Dynamic Arrive: Like kinematic arrive, the dynamic arrive also contains a target radius, but it also has a radius bigger than the target radius, the space in which character can slow down. The rate of deceleration is proportional to the distance between character within slow and target radii. Once the character reaches the target radius, we can stop the movement. In my case, I was using a very large slow radius with a very small target radius resulting in a slow stop at the target. Below is a video in which the character can be seen moving to the target which is the mouse click position.

Dynamic Look Where You Are Going (LWYG): As discussed above, all basic dynamic algorithms generate either linear acceleration or angular acceleration. To generate the rotation on the character towards a target as seen above, we use an LWYG algorithm along with dynamic align which we will discuss next. The LWYG takes in the character movement and calculates the orientation in which the character has to align itself to using its velocity.

Dynamic Align: Dynamic align is the main algorithm which creates the angular acceleration that is required to rotate. It calculates the rotation between the character orientation and a target orientation, which can be sent from other places apart from LWYG. It then maps that rotation to one between -180 and 180, calculates the required acceleration and clamps it to max speed and returns this acceleration to us. As dynamic arrive, I used a large slow angle and a small target angle and based on the other algorithm that is calling, set the value of max speed to achieve the desired results as seen in the above video.

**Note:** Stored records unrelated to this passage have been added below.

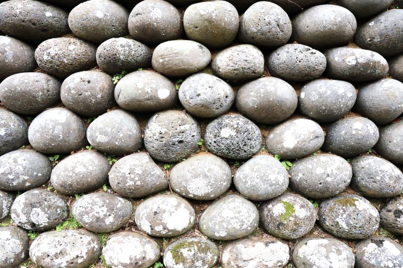 「六方積み」といわれる手法で規則正しく積まれています(ひとつ中心に据えると周囲6個の石で囲まれています)
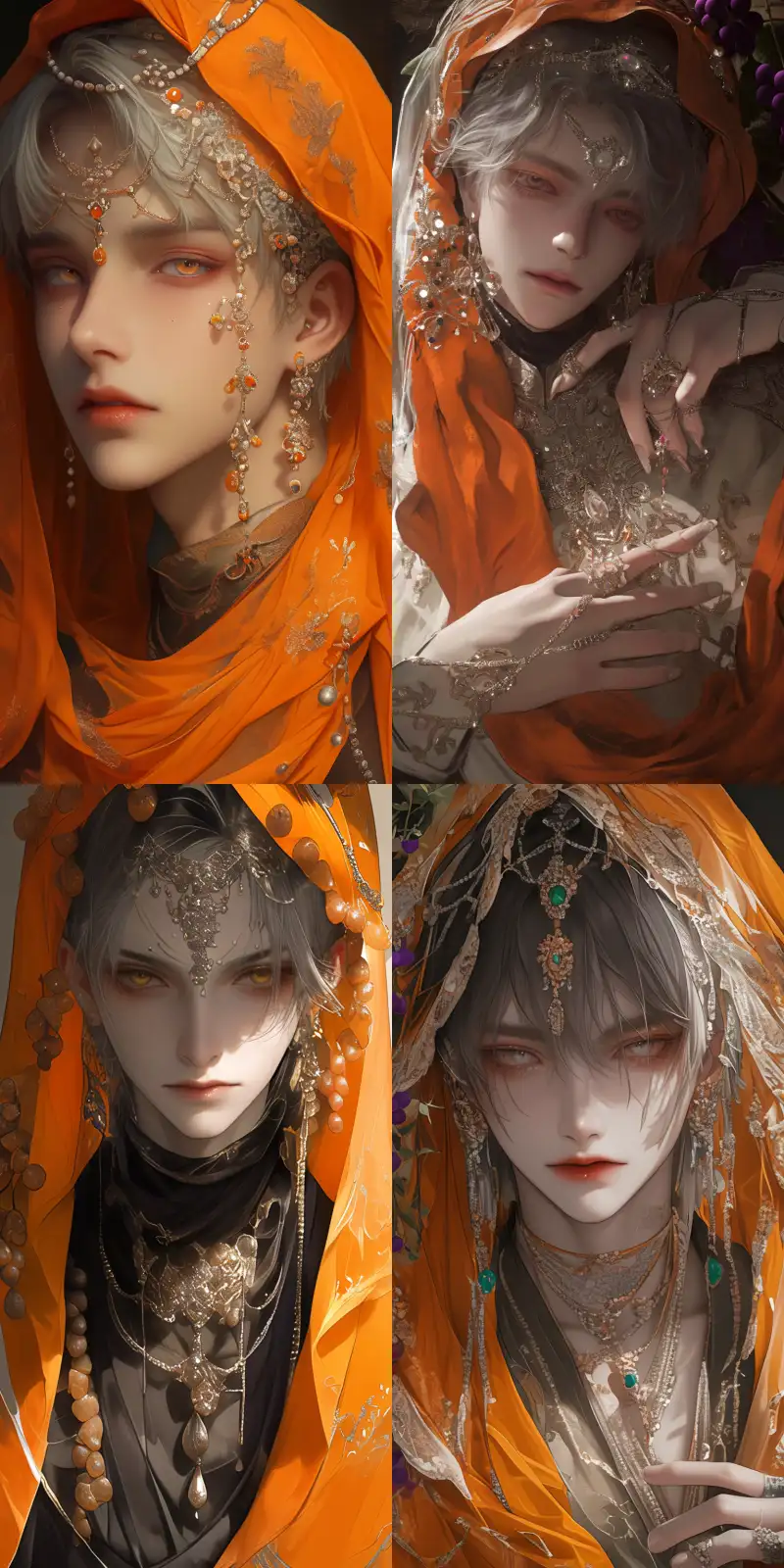 Midjourney Bot 更新时间:2024-11-21 00:09Exotic boy, realistic, orange veil, silver dark pattern, crystal accessories, gray short hair, grape trellis, movie grade lighting, bright eyes, exquisite makeup, exquisite accessories, exotic style, 8K resolution, realism, ultimate details, ultra high definition, soft, highest quality --niji 6 --ar 1:2 --style raw
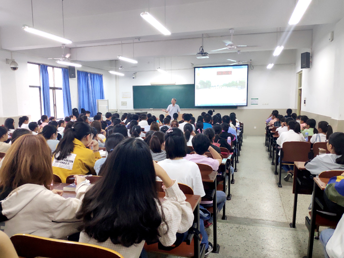 钟能政长期担任安徽省教育科学研究院教研员,主要负责教育教学研究、教学教改应用,指导各地生物教育科学研究和教学改革实验工作。面对大一的懵懂学生,钟老师结合自己丰富的生活和学习经验,运用简练的语言艺术,向大家讲述了做好大学四年人生规划的重要性。针对今后如何成为一名合格的中学生物教师,钟老师从三个方面进行了概括:首先是动力,要积极通过尝试和体验找到自己的兴趣所在,并为之准备;其次是做好知识储备,包括人文与社会知识、学科知识、学科教学知识和教育情境知识,除了认真学习专业知识外,钟先生还根据学生实际,推荐了适合学生的书籍;第三是能力,作为中学生物教师,要具备表达能力、组织能力、学科教学研究能力和学科教学能力,这些能力需要通过不断训练——体验——领悟来进行培养。最后钟老师与同学们进行了交流和互动,悉心回答了学生们提出的问题。
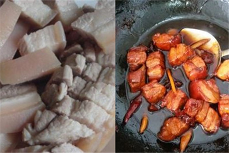 红烧肉又被称为东坡肉,东坡肉相传是由北宋词人苏东坡所创。在做红烧肉之前,我们需要准备好五花肉,料酒,香葱,冰糖,酱油,盐,大枣,然后把材料洗干净切好备用。把买回来的五花肉切成小块,大小,厚度要适中,这样容易煮熟,如果厚度相差太大的话,煮的时候一些肉熟了,然而一些肉还没有熟。我们把切好的肉放进炒锅中烧开,然后捞起来沥干。

Kinematic wander: The wander algorithm generates a random movement in a direction. The kinematic version does this by changing the current orientation and moving the character in the new orientation with maximum speed. To create the orientation, we use a random binomial which generates a random number between -1 and one but generates values nearer to 0 more often. This makes the change in orientation to be random yet small. The same technique is used in dynamic wander too.

[1]

Dynamic Wander: Dynamic wander algorithm is part of a group called delegated behaviors of which LWYG is also a part. All delegated behaviors behave in almost the same way. They generate a target and either position or acceleration and then delegate the steering to other basic dynamic behaviors — for example, LWYG delegates to align. In kinematic wander, we randomly selected an orientation, which can be thought of as selecting a point on a circle at some radius. In dynamic wander, we create the target on a circle at a fixed distance in front of the character.

[1]

I am using arrive to move to the point and LWYG to rotate towards the point. We can also implement that same using dynamic face, and then apply maximum acceleration in that direction. I implemented both the methods to perform wander and found that arrive + LWYG gave me the best results as seen in the video below.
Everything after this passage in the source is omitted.